Observation data (J2000 epoch)
- Constellation: Hydra
- Right ascension: 13^{h} 19^{m} 50.0110^{s}
- Declination: −27° 24′ 37.015″
- Redshift: 2168 ± 6 km/s
- Distance: 94 Mly
- Group or cluster: NGC 5061 group (LGG 341)
- Apparent magnitude (V): +11.8

Characteristics
- Type: SA(s)a
- Apparent size (V): 4′.0 × 1′.9

Other designations
- ESO 508- G 048, IRAS 13170-2708, MCG -04-32-001, PGC 46490

= NGC 5078 =

Spiral galaxy in the constellation Hydra

NGC 5078 is a spiral galaxy in the Hydra constellation, approximately 94 million light-years away from Earth. It has a diameter of 127,000 light-years. It was discovered by German-British astronomer William Herschel on 28 March 1786.

The dust lane of NGC 5078 is warped, probably by interaction with the nearby galaxy IC 879, which is itself distorted into an 'S' shape by the interaction. At the presumed distance the two galaxies would have a minimal separation of about 61,000 light-years. For comparison, the Large Magellanic Cloud is about 160,000 light-years from the Milky Way.
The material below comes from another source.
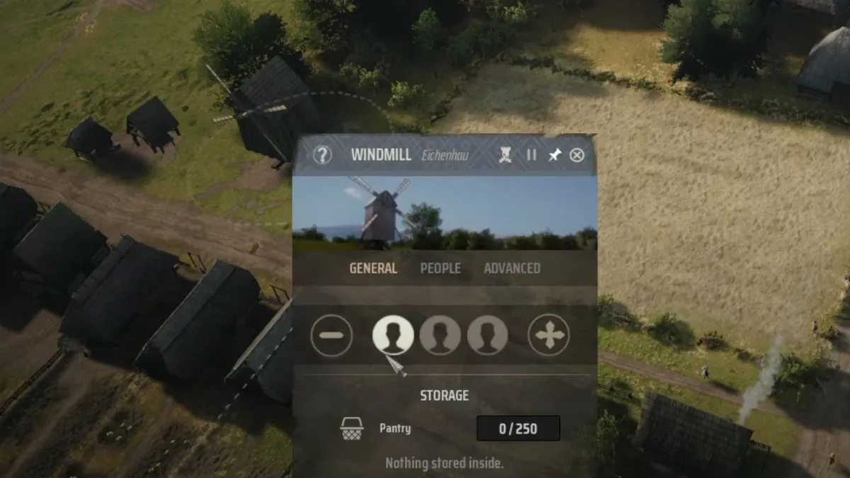 Um Getreide in Mehl zu verwandeln, müssen Sie eine Windmühle bauen. Der einzige Zweck dieses Gebäudes besteht darin, Getreide zu Mehl zu verarbeiten. Weisen Sie dieser Aufgabe also Arbeiter zu.

NGC 5078 is also only separated in the sky from the spiral galaxy NGC 5101 by about 0.5 degrees, and both are believed to be at the same distance from the Earth. This would mean they are approximately 800,000 light-years apart.

==NGC 5061 group==
NGC 5078 is a member of a NGC 5061 group (also known as LGG 341). The group contains 10 galaxies, including NGC 5061, NGC 5085, NGC 5101, IC 874, IC 4222, IC 4231, and three galaxies from the ESO catalogue.

==Supernova==
One supernova has been observed in NGC 5078: SN 1999cz (Type Ic, mag. 16) was discovered by the Perth Astronomical Research Group on 12 June 1999.